Here's what we know about Trump's economic plan
Here's what we know about Trump's economic plan

Republicans have argued for years that spending has fueled the nation's debt and should be curtailed.

Now that the GOP controls both the House and Senate, and Tea Party favorite Mick Mulvaney is President-elect Trump's choice to run the White House budget office, more domestic spending cuts may be on tap, right alongside the big tax cuts that Trump has promised.

But there's another area that costs Uncle Sam even more: tax breaks.

Tax breaks -- which include credits, deductions, exclusions and exemptions -- reduced revenue by at least $1.5 trillion in fiscal year 2016, according to the Congressional Budget Office.

Meanwhile, the amount spent on domestic and defense programs in the same period? Just under $1.2 trillion.

Those spending programs, which make up a third of the federal budget, are not the primary drivers of the debt, yet they are where the lion's share of spending cuts have occurred in recent years. In fact, spending on them is nearing its lowest level as a share of GDP in half a century.

They are also the areas Congress allocates money to every year. The rest of federal spending goes toward entitlement programs and interest on the debt, which essentially are on autopilot and are the biggest drivers of debt long-term.
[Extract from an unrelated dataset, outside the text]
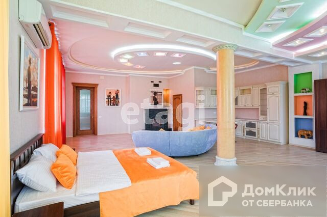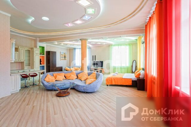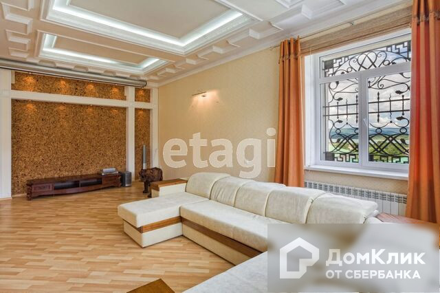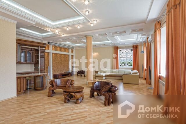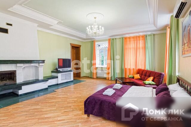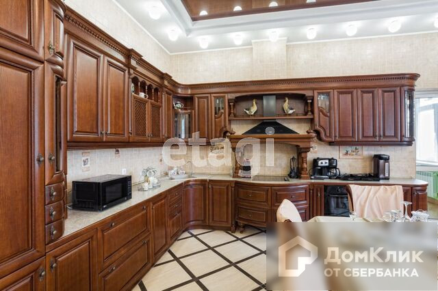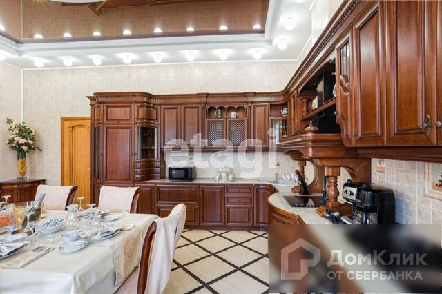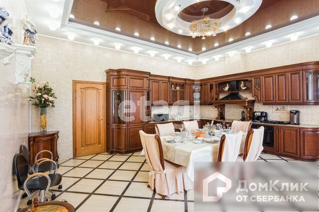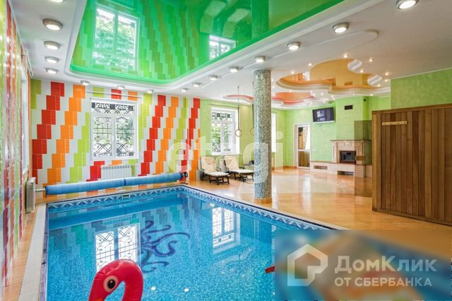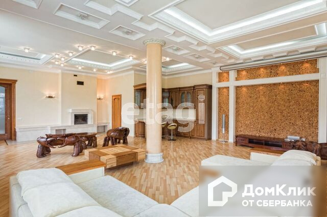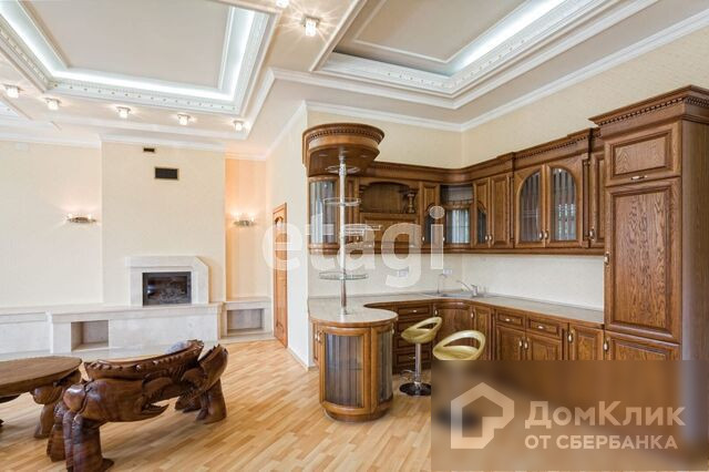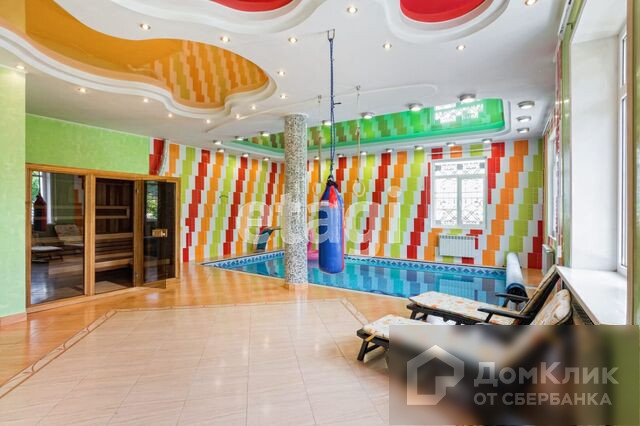 1-й этаж – гостиная с камином, меблированная кухня-столовая c натяжными французскими потолками, два санузла, теплые полы, потолки подвесные с подсветкой и лепниной, паркет штучный наборной, камин, бассейн 38м3 с водопадом, спортзал, сауна.

Lawmakers could choose to exert control over tax breaks every year too, but they don't.

"We rarely even take a look at, let alone review or budget, the tax breaks. We sweat bullets over outlays on the budget, to the point [where] we've shut the government down over how much to spend," Don Kettl, professor at the University of Maryland School of Public Policy, noted in a recent op-ed.

Related: Domestic spending is near 53-year lows. Yet Congress keeps cutting ...
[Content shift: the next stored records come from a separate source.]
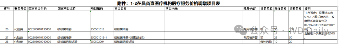 体外诊断调增项目相对比较简单,都是结核相关项目,结核菌培养及药敏实验均涨价100%!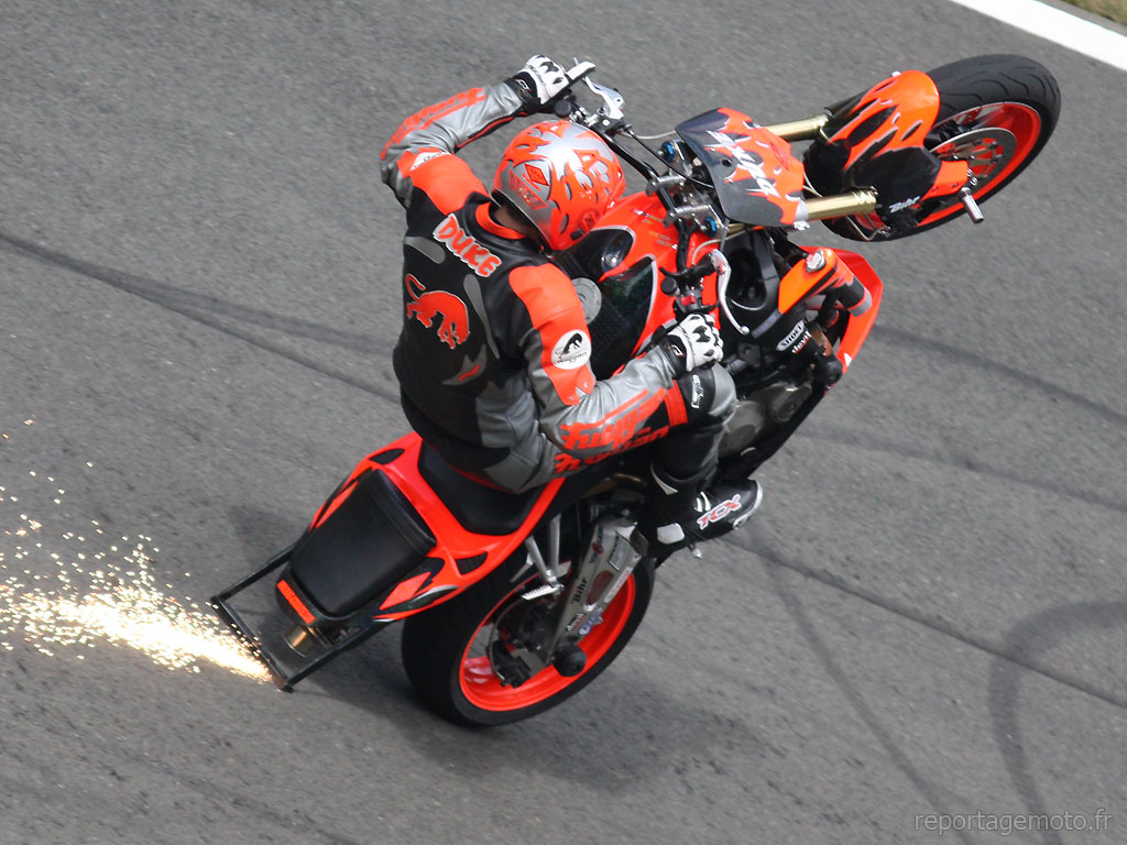 Pas évident de prendre une trajectoire dans le bon sens correctement à moto encore moins lorsque l’on réfléchi un peu trop et que l’on rechigne à pencher d’avantage de peur que les pneus nous fassent faux bon, un peu comme avec mes CORSA III actuellement. Bien voilà, le Stunter (motard faisant des acrobaties / Freestyle avec sa moto) lui se moque de tout ça… le Stunter lui relève ses manches et s’amuse avec sa monture comme toi tu t’amuses avec ta tondeuse… on tourne en rond, on contourne des poteaux, on soulève la roue avant, la roue arrière… on Stunt quoi !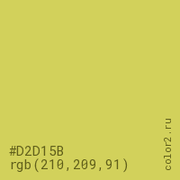 Цвет #D2D15B в цветовой модели RGB обозначается тремя октетами (210, 209, 91) в десятичном формате и #D2D15B в шестнадцатиричном (hex) формате, которые являются интенсивностью красного 210 (hex D2), интенсивность зелёного 209 (hex D1) и интенсивность синего 91 (hex 5B).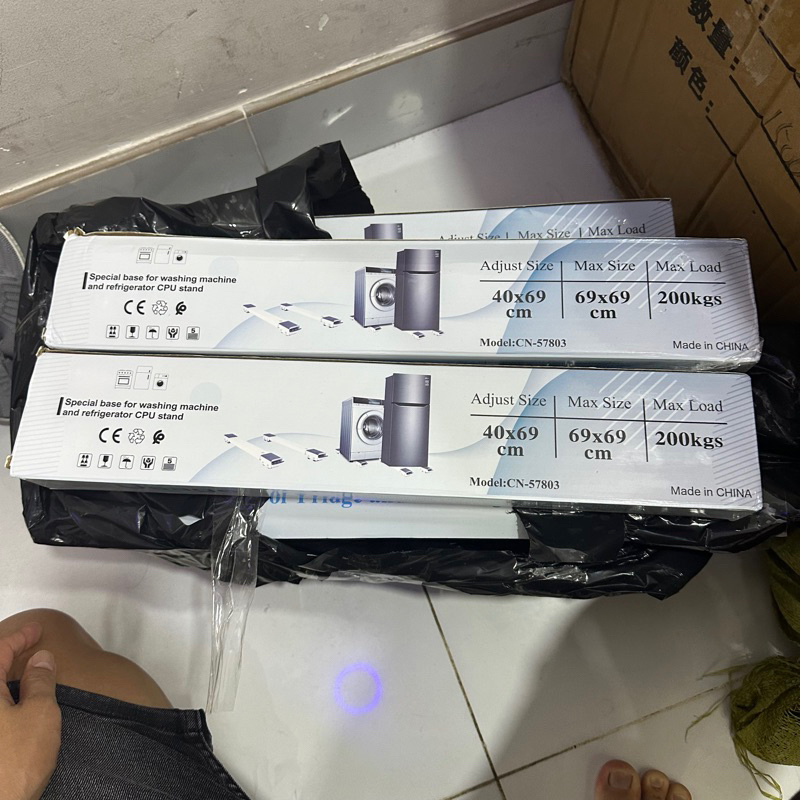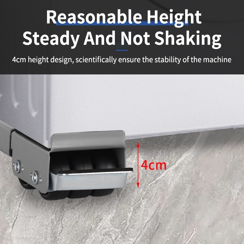 - Chân đế có thể điều chỉnh độ cao, rộng cho phù hợp với tủ lạnh, máy giặt nhà bạn.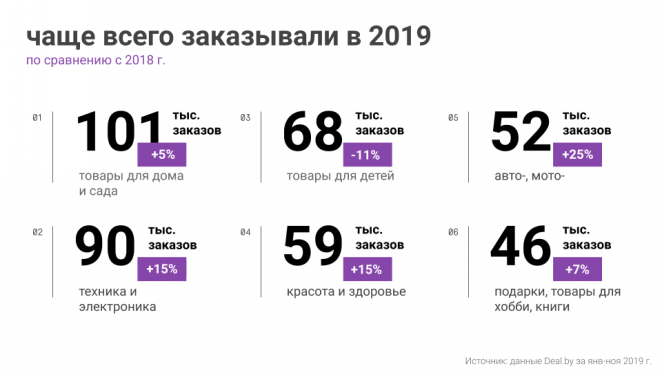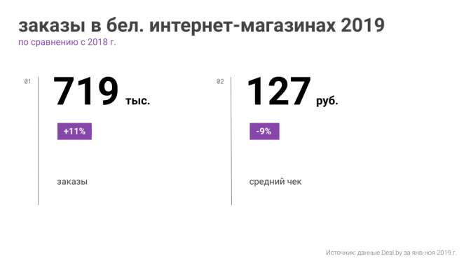 За 11 месяцев 2019 г. покупатели сделали в белорусских интернет-магазинах, размещенных на Deal.by, 719 тыс. заказов – на 11% больше, чем годом раньше. Средний чек снизился со 141 до 127 руб.

Here are the 10 most expensive tax breaks and how much they reduced revenue in 2016:

1. Treating money your employer pays for your health insurance as tax-free to you ($144 billion)

2. Lower rates on capital gains and dividends compared to regular income ($135 billion)
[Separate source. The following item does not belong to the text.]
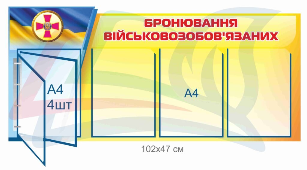 Стенд “Бронювання військовозобов’язаних” призначений для надання важливої інформації щодо бронювання та мобілізаційних процесів військовозобов’язаних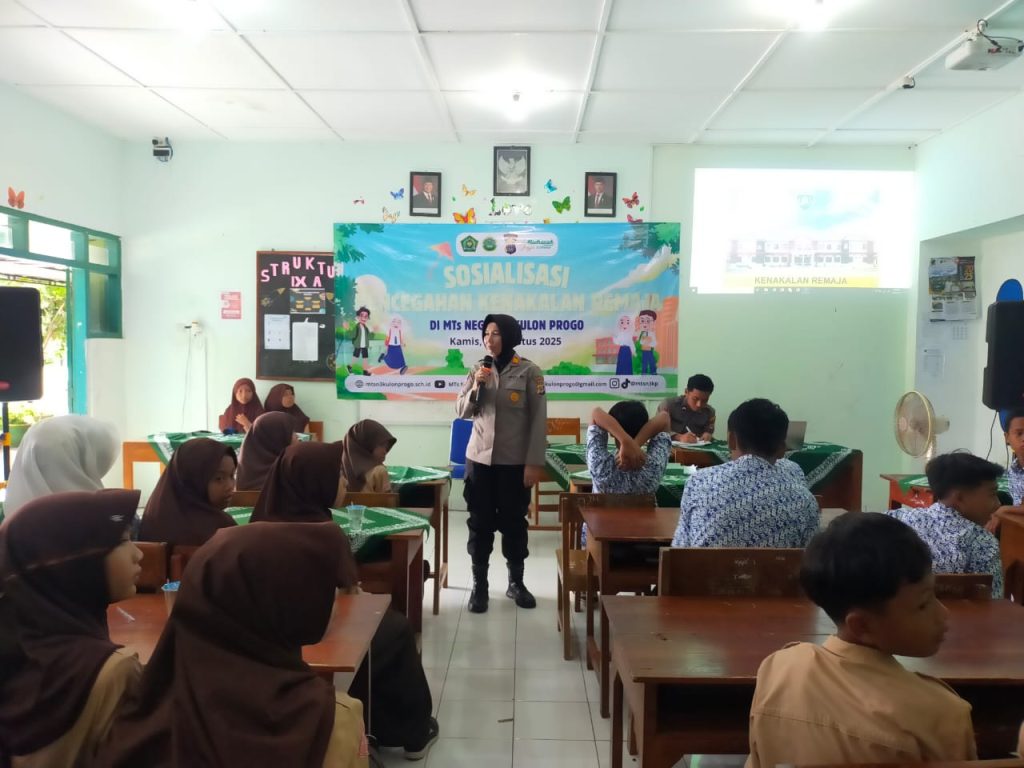 Kasat Binmas Polres Kulon Progo AKP Dina Martanti, SH. M.M. sebagai nara sumber menyampaikan pencegahan kenakalan remaja dapat dilakukan secara berkelanjutan dan melibatkan orang tua serta masyarakat. “Kita perlu bekerja sama dengan semua pihak untuk menciptakan lingkungan yang aman bagi anak-anak kita,” tegasnya. Dengan adanya sosialisasi ini, diharapkan siswa-siswi di MTsN 3 Kulon Progo semakin sadar akan bahaya kenakalan remaja dan dapat mengambil keputusan yang bijak dalam berinteraksi dengan lingkungan sosial mereka. Kegiatan ini juga menjadi sarana penting untuk menyebarkan informasi dan mendukung satu sama lain dalam mencegah perilaku negatif.

3. Tax deferral on the foreign profits of U.S. companies ($109 billion)

4. Exclusion of contributions and earnings in 401(K)s and other defined contribution plans ($83 billion)

5. Mortgage interest deduction ($77 billion)

6. Earned income tax credit ($73 billion)

7. State and local tax deduction ($65 billion)

8. Obamacare insurance subsidies ($54 billion)

9. Exclusion of contributions and earnings in defined benefit pension plans ($57 billion)

10. Child tax credit ($56 billion)

Why have tax breaks at all?

Historically, lawmakers use the tax code to spur certain activities -- e.g. buying a house or innovating through research and development. They also use it to encourage social goals -- for example, rewarding low-income parents who work.

Then, of course, there are the special tax breaks that offer little bang for the buck but get written into the code for specific industries thanks in large part to their persistent lobbying.

Some fiscal policy experts like Kettl and former CBO director Donald Marron argue that tax expenditures should be included in any calculation of how much the government "spends." Doing so would give a truer sense of the size of government as well as a clearer indication of the money going out the door directly or indirectly.

The federal budget -- a measure of direct spending -- came to nearly $3.9 trillion in 2016. If tax expenditures were included, the number would jump to roughly $5.4 trillion.

"Tax breaks are spending by another means," Kettl said. "Every dollar by which you reduce revenue is a dollar that increases the deficit."